@thornbearer As someone who has made this journey: if you're going so hard that you're starting to dread going to the gym, the best thing you can do is slow down and lighten up.
It is vastly more valuable to work out less hard, but stay consistent, than it is to go hard every time. Going too hard too soon courts serious risk of either a) injury, or b) burn-out, both of which are ultimately counterproductive. The person who exercises more gently but maintains the habit will make far more progress over a year than the person who busts their ass for three weeks and then quits.
My best advice:
Give yourself easy wins in the beginning. Work out only to the point where you still have some gas in the tank, and then stop. You may still get some DOMS in the beginning, but you'll also feel a lot more positive about doing it again the next day (or in a couple of days), and that positive reinforcement will lay the groundwork for much bigger gains further down the road. The habit should be your
primary concern in the beginning, and the how/what/intensity should all be secondary. Your body will let you know when it's really ready to do a little more, and you can build from there.
And if you ever get to a point where you start to feel dread or resentment about exercise, it's time to take a step back and consider your intensity, frequency, or whether it's time to try something different.

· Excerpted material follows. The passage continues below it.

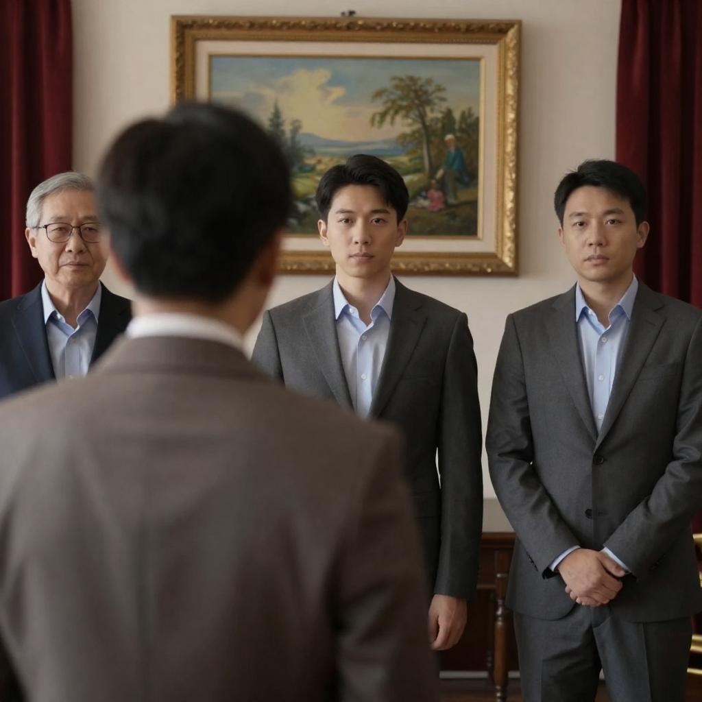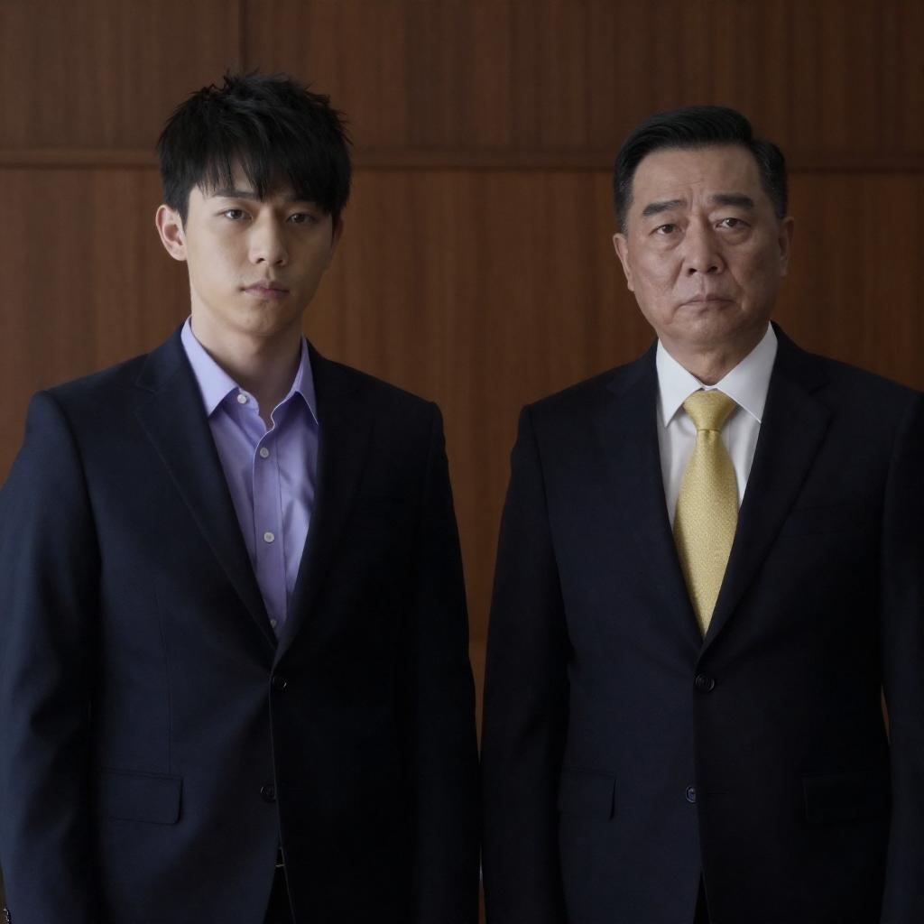 Photograph of two men in a dimly lit room. Both wear dark suits and badges. Young man on left with black hair, slightly disheveled, wearing a purple shirt. Older man on right with short black hair, yellow tie, serious expression. Wood-paneled background.

And know that the vast majority of people who are regular exercisers
do not feel demolished after every workout. Even the long-distance runners and heavy lifters generally only feel pleasantly fatigued; they've just advanced far enough that work that looks impossible to you (and to me) isn't as taxing to them. You can get there, too, but it will take time and consistency. Work out for their intensity level (gentle to moderate for most workouts, heavy intensity only occasionally), not for their fitness level.
Walk, as far as is comfortable and at a speed that is active but sustainable; don't worry about the incline. Maybe do a little bit of simple strength work including exercises like bodyweight squats, wall pushups, modified knee planks, etc. And just focus on fostering the habit of doing something every day, even if that just means showing up for an easy walk 5-6 days per week. The rest will come in time. Good luck!